**Problem to solve:**
In the entries that follow, the lines from the line containing "Senators forward David" up to and including the line containing "Тесто обмять руками" must be copied exactly, with pictures omitted.

**Source records:**
┌────────

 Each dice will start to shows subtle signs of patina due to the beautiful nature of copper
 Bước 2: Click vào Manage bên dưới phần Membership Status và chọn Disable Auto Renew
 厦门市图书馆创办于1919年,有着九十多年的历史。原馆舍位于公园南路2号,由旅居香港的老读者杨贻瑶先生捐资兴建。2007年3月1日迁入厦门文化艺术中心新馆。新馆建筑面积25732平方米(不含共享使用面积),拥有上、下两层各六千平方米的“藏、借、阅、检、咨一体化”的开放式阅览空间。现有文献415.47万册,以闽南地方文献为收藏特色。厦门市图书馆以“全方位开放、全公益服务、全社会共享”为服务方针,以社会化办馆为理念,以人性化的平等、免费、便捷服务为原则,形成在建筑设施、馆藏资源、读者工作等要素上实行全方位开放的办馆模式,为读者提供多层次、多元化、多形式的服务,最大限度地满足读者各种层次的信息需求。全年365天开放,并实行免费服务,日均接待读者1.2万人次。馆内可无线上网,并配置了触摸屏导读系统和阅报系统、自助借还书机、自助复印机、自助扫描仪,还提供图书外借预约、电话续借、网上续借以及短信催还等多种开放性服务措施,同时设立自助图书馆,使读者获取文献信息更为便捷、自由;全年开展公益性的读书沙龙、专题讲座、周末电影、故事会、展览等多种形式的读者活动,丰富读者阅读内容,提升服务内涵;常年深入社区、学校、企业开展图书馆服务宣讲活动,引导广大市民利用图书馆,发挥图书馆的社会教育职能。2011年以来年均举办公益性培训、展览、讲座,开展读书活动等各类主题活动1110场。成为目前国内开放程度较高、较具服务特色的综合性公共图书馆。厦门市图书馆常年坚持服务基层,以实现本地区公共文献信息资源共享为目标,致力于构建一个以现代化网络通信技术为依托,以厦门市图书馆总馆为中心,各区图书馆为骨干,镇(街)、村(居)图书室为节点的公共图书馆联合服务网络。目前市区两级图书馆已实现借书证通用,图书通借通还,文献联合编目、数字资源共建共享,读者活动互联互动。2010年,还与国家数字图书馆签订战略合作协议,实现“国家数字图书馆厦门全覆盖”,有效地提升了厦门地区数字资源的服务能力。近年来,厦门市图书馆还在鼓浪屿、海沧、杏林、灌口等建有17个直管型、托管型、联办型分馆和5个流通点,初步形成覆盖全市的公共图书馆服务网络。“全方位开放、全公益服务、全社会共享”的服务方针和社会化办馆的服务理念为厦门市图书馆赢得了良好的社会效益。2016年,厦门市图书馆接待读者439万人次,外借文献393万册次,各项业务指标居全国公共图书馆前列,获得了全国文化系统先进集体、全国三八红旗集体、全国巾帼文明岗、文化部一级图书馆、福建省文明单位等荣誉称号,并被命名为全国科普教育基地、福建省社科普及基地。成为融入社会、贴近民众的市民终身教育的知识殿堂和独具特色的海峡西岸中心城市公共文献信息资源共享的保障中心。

└────────
┌────────

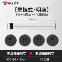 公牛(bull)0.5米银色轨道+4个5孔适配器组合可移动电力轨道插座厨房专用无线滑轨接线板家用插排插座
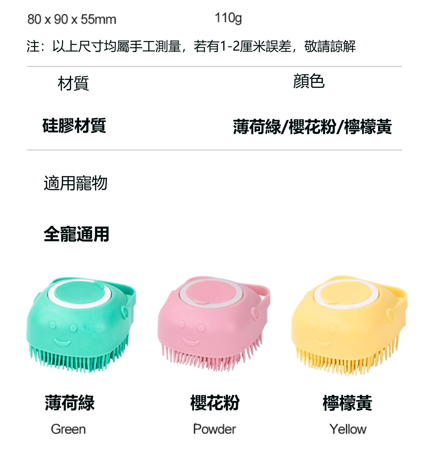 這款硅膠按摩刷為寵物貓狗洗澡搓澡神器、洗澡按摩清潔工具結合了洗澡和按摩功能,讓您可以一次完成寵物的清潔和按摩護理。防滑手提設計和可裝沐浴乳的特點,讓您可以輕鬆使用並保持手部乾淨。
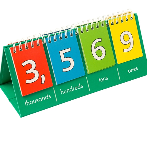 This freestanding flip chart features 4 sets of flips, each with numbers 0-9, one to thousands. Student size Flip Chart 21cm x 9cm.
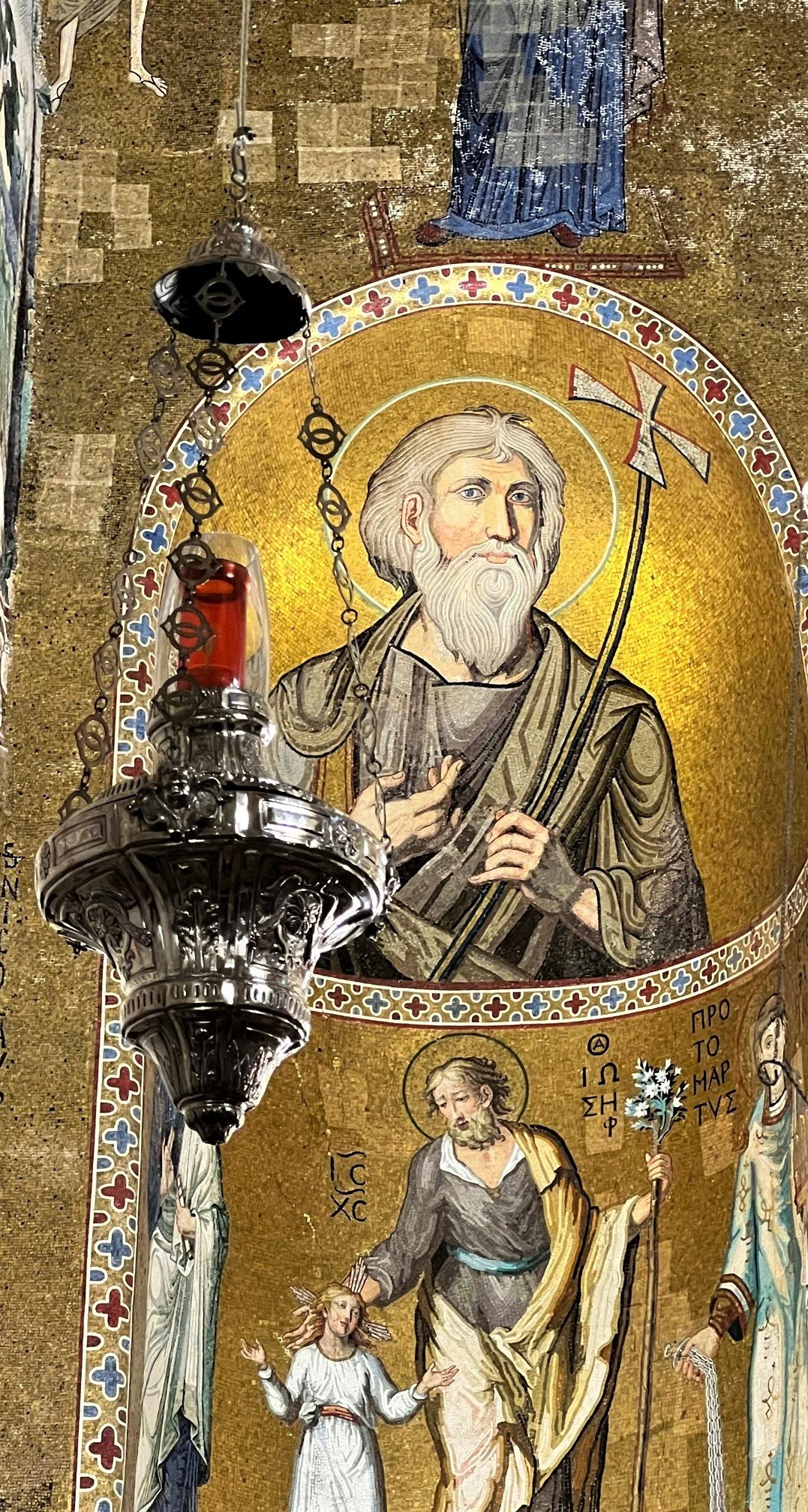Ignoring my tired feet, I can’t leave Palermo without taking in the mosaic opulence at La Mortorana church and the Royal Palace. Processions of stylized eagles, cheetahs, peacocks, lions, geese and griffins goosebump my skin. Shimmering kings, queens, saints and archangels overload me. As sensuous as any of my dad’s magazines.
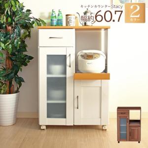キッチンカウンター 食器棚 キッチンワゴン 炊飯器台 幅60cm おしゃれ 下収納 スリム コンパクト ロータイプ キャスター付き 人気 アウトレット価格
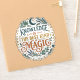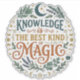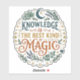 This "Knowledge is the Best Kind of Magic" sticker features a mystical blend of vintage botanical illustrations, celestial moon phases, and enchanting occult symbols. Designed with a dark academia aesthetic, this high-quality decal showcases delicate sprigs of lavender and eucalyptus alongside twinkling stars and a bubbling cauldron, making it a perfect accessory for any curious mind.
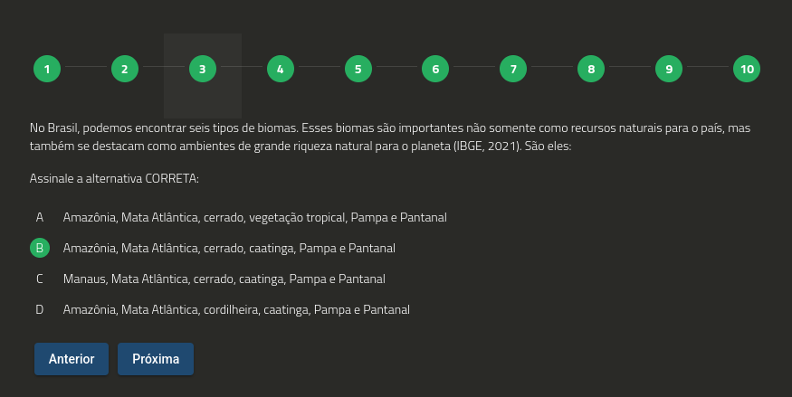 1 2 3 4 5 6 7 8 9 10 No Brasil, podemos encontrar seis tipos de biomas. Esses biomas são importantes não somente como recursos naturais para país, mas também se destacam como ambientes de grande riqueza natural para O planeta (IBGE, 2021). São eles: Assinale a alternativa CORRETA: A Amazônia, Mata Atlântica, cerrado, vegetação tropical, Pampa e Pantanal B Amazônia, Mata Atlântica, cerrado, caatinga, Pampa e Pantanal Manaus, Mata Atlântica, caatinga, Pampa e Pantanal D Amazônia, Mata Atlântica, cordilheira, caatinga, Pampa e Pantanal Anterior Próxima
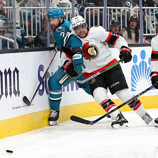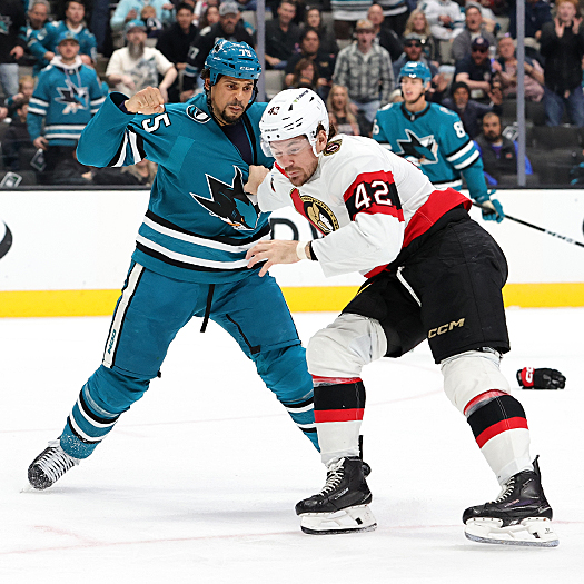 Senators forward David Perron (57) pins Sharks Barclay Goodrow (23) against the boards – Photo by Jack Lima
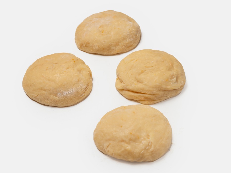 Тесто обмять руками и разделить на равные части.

└────────

**Answer section:**
 Senators forward David Perron (57) pins Sharks Barclay Goodrow (23) against the boards – Photo by Jack Lima
 Тесто обмять руками и разделить на равные части.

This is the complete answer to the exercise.